# Fresh air intake damper - Open or Closed?



## dtran (Jun 7, 2008)

I have a fresh air intake system installed on my HVAC with a manual damper. Should I open or close this in the winter/summer, or should I just leave it partially opened at all times? What would be best?

TIA


----------



## beenthere (Oct 11, 2008)

Depends a but on what size it is.

Most times, they are grossly over sized.

You can probably turn the damper to 50% closed, and it will still bring in enough fresh air.


----------



## dtran (Jun 7, 2008)

The diameter of the duct, or the length? (sorry I don't know much about this).
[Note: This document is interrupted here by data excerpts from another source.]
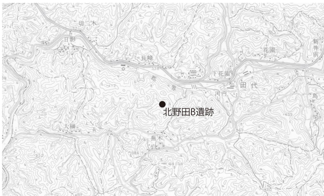
国土地理院 1/2.5 万 地形図「東大沼」
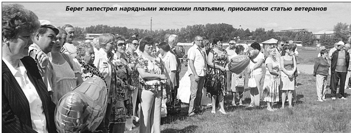
Берег запестрел нарядными женскими платьями, присосанился статью ветеранов
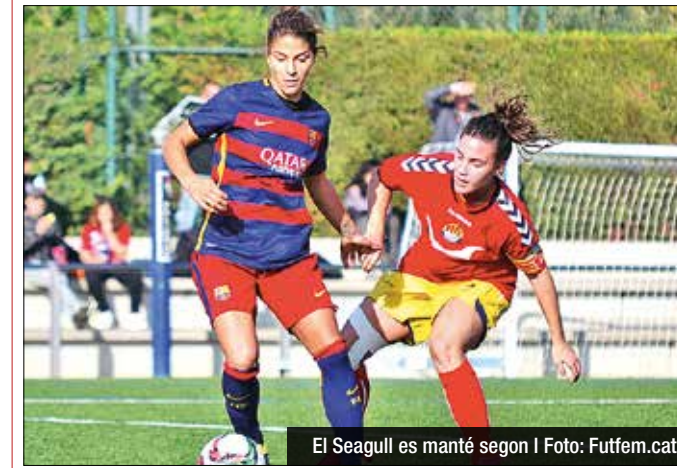
El Seagull es manté segon

El CE Seagull visita el Ruiz Casado buscant trencar la clara millora del Santgra

Also, does it matter on the weather outside? I live in Canada where the winters are very cold and the summers are very hot and humid.
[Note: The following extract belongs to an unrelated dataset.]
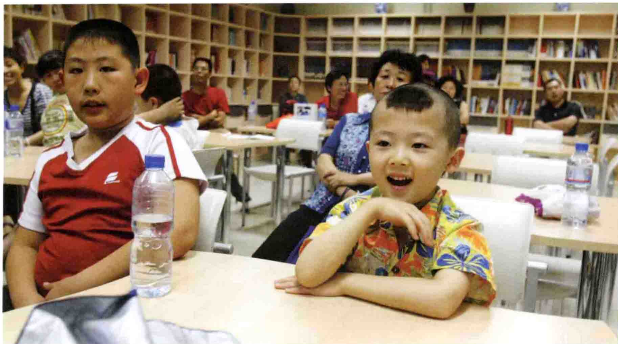
东城区市民学习基地启动

edit: One more thing, does this affect the humidity or moisture level in the house at all? Like if opened in the winter, would it dry out your house more compared to if it was closed, and in the humid summer, if it's closed, would your house be dryer than if it were open?

And btw, the intake duct has an insulated tubing around it that says 6" on it. The length of it is probably about 11' - 12' from the side of the house to the return duct.


----------



## yuri (Nov 29, 2008)

I would recommend you have a damper on it and close it 1/2 way. It will drop the humidity in the winter which in some houses is necessary. If your house is very airtight it is good to get some fresh air in to breath. In the summer if you are in BC or southern ontario (very humid) you may want to close it to make the A/C work better. Not a huge problem in Wpg as it is usually around 50%RH.


----------



## dtran (Jun 7, 2008)

Thanks.

So, just to clarify, 1/2 open all season long?


----------



## yuri (Nov 29, 2008)

Yes. Check the hood for it outside for spider webs/debris a couple times a year.


----------



## beenthere (Oct 11, 2008)

Yea, ½ open/closed for both seasons.

In the winter the excess fresh air is decreasing your indoor humidity.

And in the summer it is increasing the humidity.


----------



## rossl56 (Nov 24, 2008)

Is the fresh air intake you are discussing taking air from outside the home, or is the air intake in the basement?


----------